→ **Work instruction**
Among the lines below, output only those between the line holding "再次查看提交日志,发现dev" and the line holding "Here is the", inclusive, exactly as written and with no pictures.

→ **Dataset excerpts**
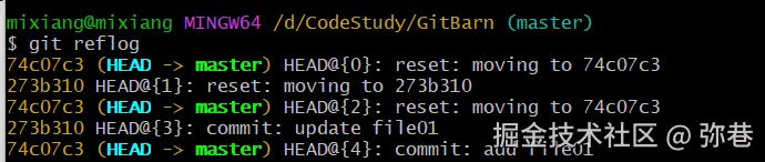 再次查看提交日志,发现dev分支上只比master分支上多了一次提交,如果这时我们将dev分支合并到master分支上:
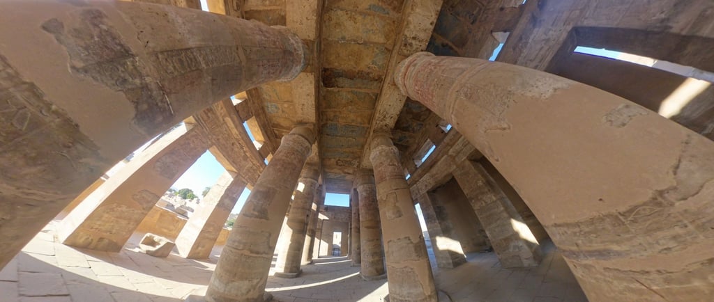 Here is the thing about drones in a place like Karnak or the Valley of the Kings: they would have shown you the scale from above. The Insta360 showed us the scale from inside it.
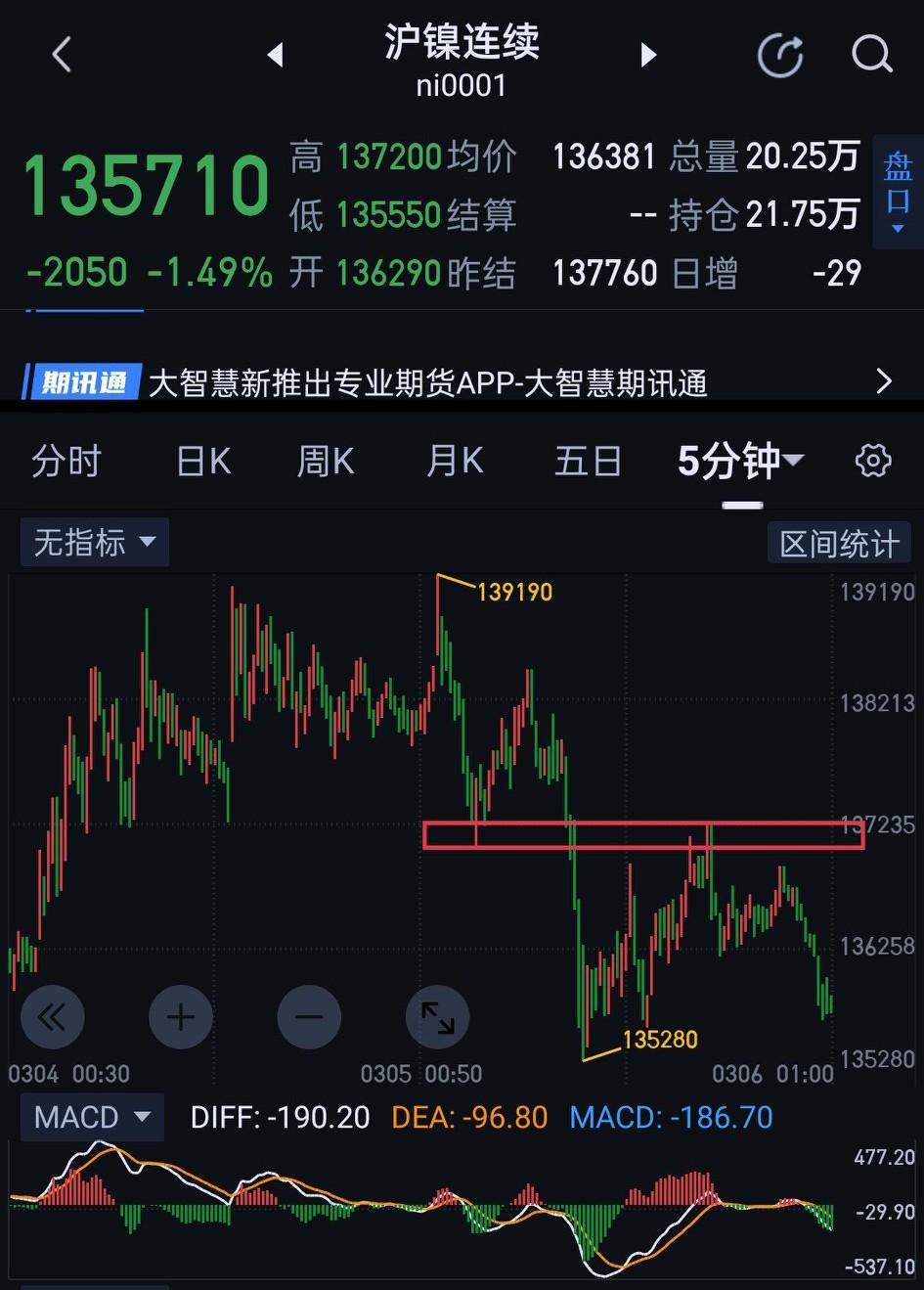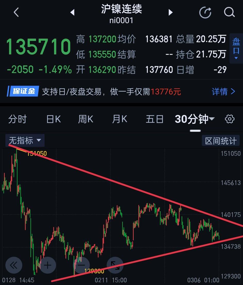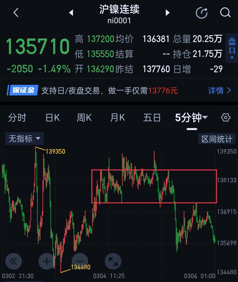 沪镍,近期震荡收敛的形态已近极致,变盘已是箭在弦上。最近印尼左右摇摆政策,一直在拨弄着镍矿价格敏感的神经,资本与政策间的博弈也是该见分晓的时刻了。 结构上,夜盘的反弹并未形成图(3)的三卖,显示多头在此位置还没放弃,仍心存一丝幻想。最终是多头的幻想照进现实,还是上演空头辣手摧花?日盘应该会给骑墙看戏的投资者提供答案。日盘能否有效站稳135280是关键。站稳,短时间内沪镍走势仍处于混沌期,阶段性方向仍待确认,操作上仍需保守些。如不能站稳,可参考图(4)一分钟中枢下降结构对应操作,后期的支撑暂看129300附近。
* * *
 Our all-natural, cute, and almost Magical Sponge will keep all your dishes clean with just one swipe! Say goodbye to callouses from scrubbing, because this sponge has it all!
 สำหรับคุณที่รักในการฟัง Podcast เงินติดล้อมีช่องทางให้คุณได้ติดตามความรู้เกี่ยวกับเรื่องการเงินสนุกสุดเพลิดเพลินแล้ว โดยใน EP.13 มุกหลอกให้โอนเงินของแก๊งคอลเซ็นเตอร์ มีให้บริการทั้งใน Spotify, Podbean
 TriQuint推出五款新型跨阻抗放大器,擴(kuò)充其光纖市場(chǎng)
==
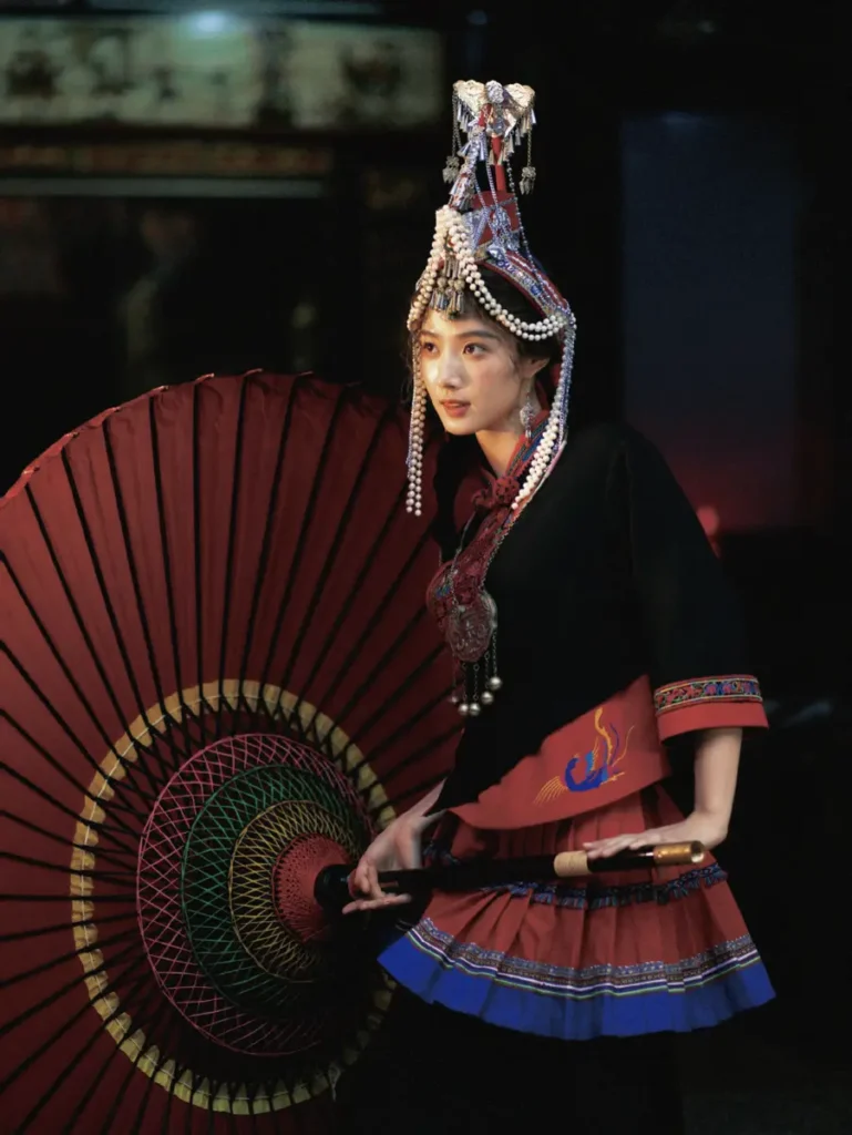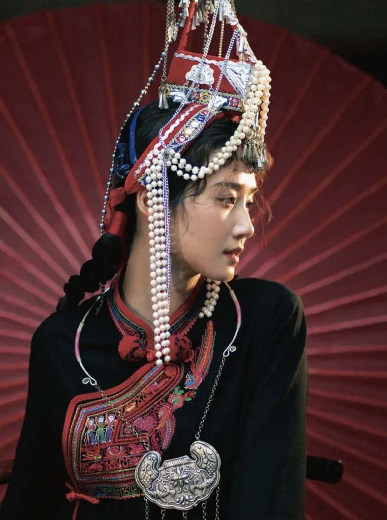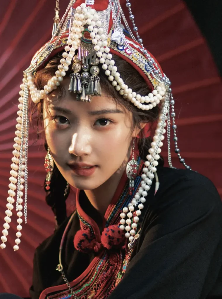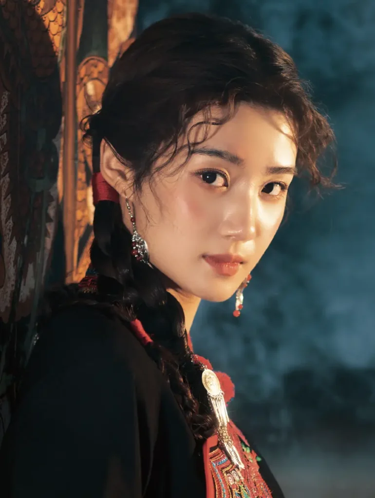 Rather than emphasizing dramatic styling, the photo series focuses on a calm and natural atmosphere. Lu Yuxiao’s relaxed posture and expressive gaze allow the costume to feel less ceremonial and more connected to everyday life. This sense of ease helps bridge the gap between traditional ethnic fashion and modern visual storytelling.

→ **Expected answer**
 再次查看提交日志,发现dev分支上只比master分支上多了一次提交,如果这时我们将dev分支合并到master分支上:
 Here is the thing about drones in a place like Karnak or the Valley of the Kings: they would have shown you the scale from above. The Insta360 showed us the scale from inside it.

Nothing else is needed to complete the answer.